This section describes the main principles and characteristics of SIFT [14] and ORB [5]. The goal of these algorithms is to match the content of a set of images to identify the common image regions. This is achieved in two phases: (a) feature extraction, i.e. identification of salient and locally distinguishable regions of the image, called key-points; (b) feature description, i.e. the computation and matching of the descriptors, which are discrete representations summarising the local structure around the detected key-points. The descriptors, in order to be effective, should be invariant to variations such as rotating, scaling and re-lighting.

Scale Invariant Feature Transform (SIFT) - Given an image I, SIFT builds up a pyramid structure whose base level contains the image I at full resolution, while the higher levels contain versions of I sequentially down-sampled. SIFT smooths each down-sampled version \(I_l\) of I by n Gaussian filters with increasing variance and computes the so-called differences of Gaussians, which encode the pixel-wise differences between the \(n-1\) pairs of subsequent Gaussian smoothed versions of \(I_l\). The key-points are defined as the corners corresponding to local maxima of the differences of the Gaussians within the pyramid. Every key-point is then identified by the quadruple \({<}p, s, r, f{>}\), where p is the key-point position in I, s is the scale (pyramid level), r is the orientation and f is the descriptor, which is a vector of 128 elements encoding the distribution of the orientation of the image gradients in the \(16 \times 16\) window W(x) centered at p. To make f invariant to rotations, the dominant orientation of the gradients in W(x) is computed and used to rotate the image before computing f.

In SIFT, the dissimilarity measure between two key-points is defined as the \(L^2\)-distance between their descriptors.

Oriented FAST and Rotated BRIEF (ORB) - ORB is a combination of the feature extractor FAST [18] and the feature descriptor BRIEF [6] with some modifications which enable multi-scale matching and guarantee rotation invariance. In FAST, a pixel x is a key-point if its intensity exceeds by a pre-defined threshold the intensities of a set of pixels \(y_1\), ..., \(y_n\) equi-spaced on a circumference \(\Gamma (x)\) centered at x. BRIEF associates to each FAST key-point x the n- dimensional vector whose i-th entry is zero if \(I(x) < I(y_i)\) and one otherwise. To achieve invariance against re-scaling, ORB detects the FAST key-points (that are corners) at multiple scales. Moreover, for each key-point x, ORB defines the orientation \(\theta (x)\) of x as the angle between x and the intensity weighted centroid of a circular region C(x) around x. Finally, to grant robustness to rotation and noise, ORB computes the BRIEF descriptors of x on the patch C(x) steered by \(\theta (x)\) and smoothed by a Gaussian filter.

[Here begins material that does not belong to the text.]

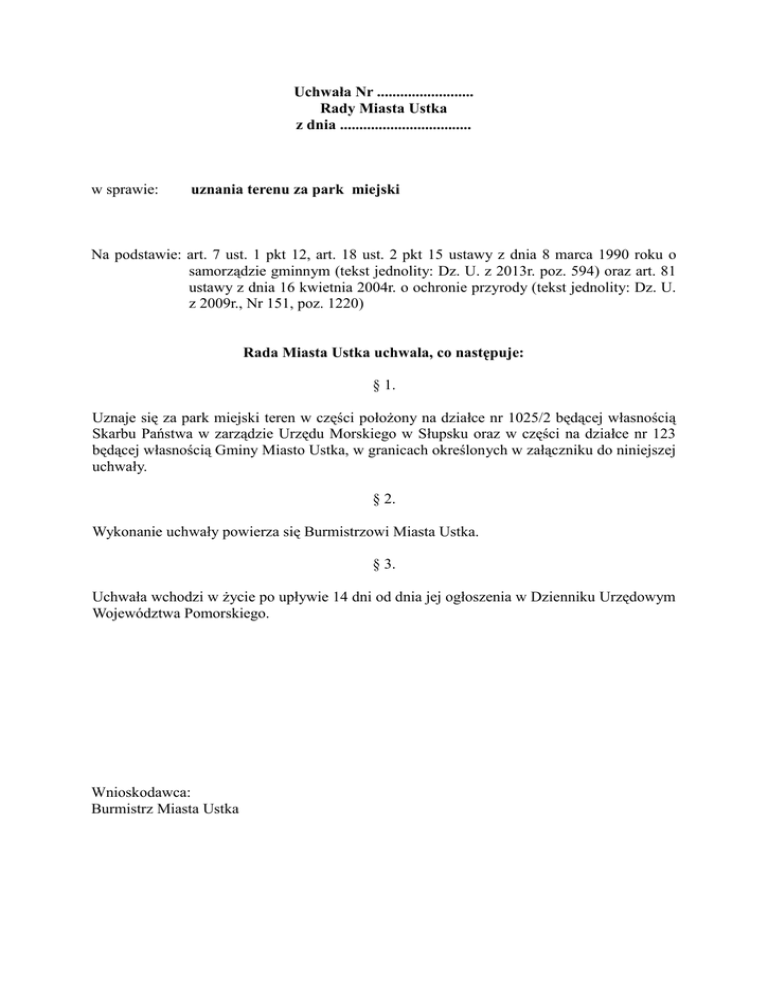 Uchwała Nr ......................... Rady Miasta Ustka z dnia .................................. w sprawie: uznania terenu za park miejski Na podstawie: art. 7 ust. 1 pkt 12, art. 18 ust. 2 pkt 15 ustawy z dnia 8 marca 1990 roku o samorządzie gminnym (tekst jednolity: Dz. U. z 2013r. poz. 594) oraz art. 81 ustawy z dnia 16 kwietnia 2004r. o ochronie przyrody (tekst jednolity: Dz. U. z 2009r., Nr 151, poz. 1220) Rada Miasta Ustka uchwala, co następuje: § 1. Uznaje się za park miejski teren w części położony na działce nr 1025/2 będącej własnością Skarbu Państwa w zarządzie Urzędu Morskiego w Słupsku oraz w części na działce nr 123 będącej własnością Gminy Miasto Ustka, w granicach określonych w załączniku do niniejszej uchwały. § 2. Wykonanie uchwały powierza się Burmistrzowi Miasta Ustka. § 3. Uchwała wchodzi w życie po upływie 14 dni od dnia jej ogłoszenia w Dzienniku Urzędowym Województwa Pomorskiego. Wnioskodawca: Burmistrz Miasta Ustka UZASADNIENIE do uchwały w sprawie uznania terenu jako park miejski 1. Istniejący stan prawny i faktyczny: Gmina Miasto Ustka posiada obowiązującą uchwałę Nr XI/73/99 Rady Miejskiej w Ustce z dnia 30 września 1999r. i uchwałę Nr XXXIII/272/2009 Rady Miasta Ustka z dnia 30 kwietnia 2009 roku w sprawie ustanowienia parków miejskich w mieście Ustka, które łącznie wskazują 9 obszarów objętych ochroną jako parki miejskie. Przedmiotowy obszar przeznaczony do uznania go za park miejski w obowiązującym miejscowym planie zagospodarowania przestrzennego Promenady Nadmorskiej w Ustce (uchwała Nr VI/30/2001 Rady Miejskiej w Ustce z dnia 28 czerwca 2001 roku) określony jest jako park zdrojowy i park leśny. We fragmentach na terenie tym plan miejscowy dopuszcza przeznaczenie towarzyszące związane z infrastrukturą komunalną i usługową. Większa część obszaru przeznaczonego pod park miejski została zagospodarowana w sposób trwały ciągami komunikacyjnymi, w tym ścieżkami pieszymi i rowerowymi. 2. Różnice między dotychczasowym a projektowanym stanem prawnym: Dotychczasowe parki miejskie usytuowane są głównie w obszarze historycznego centrum Ustki, a także park u zbiegu ulic: Słupskiej i Wróblewskiego oraz park u zbiegu ulic: Kościelniaka i Wilczej. Niniejsza uchwała ustanowi dodatkowy teren uznany za park w bezpośrednim sąsiedztwie morza. 3. Skutki społeczne i gospodarcze: Podjęcie uchwały umożliwi stworzenie nowego obszaru parku, który docelowo będzie zagospodarowany pod cele rekreacyjne, sportowe oraz turystyczne i stanowić będzie atrakcyjne miejsce wypoczynku dla mieszkańców i turystów. 4. Informacja o źródłach finansowania: Urządzenie nowego terenu parkowego zobowiąże gminę do szczególnej dbałości o jego wizerunek, co wymagać będzie zabezpieczenia środków w budżecie miasta na kolejne lata.

In ORB, the dissimilarity measure between two key-points is defined as the Hamming distance between their binary descriptors.

4 Evaluation

We assess the performance of each image enhancer by accounting for the variations of both the perceptual features and the retrieval accuracy.

Evaluation in Terms of Perceptual Changes - We quantify numerically the perceptual changes by four features, which reflect perceptual properties usually modified by an image enhancer: mean brightness, multi-resolution contrast [16], histogram flatness and NIQE [15].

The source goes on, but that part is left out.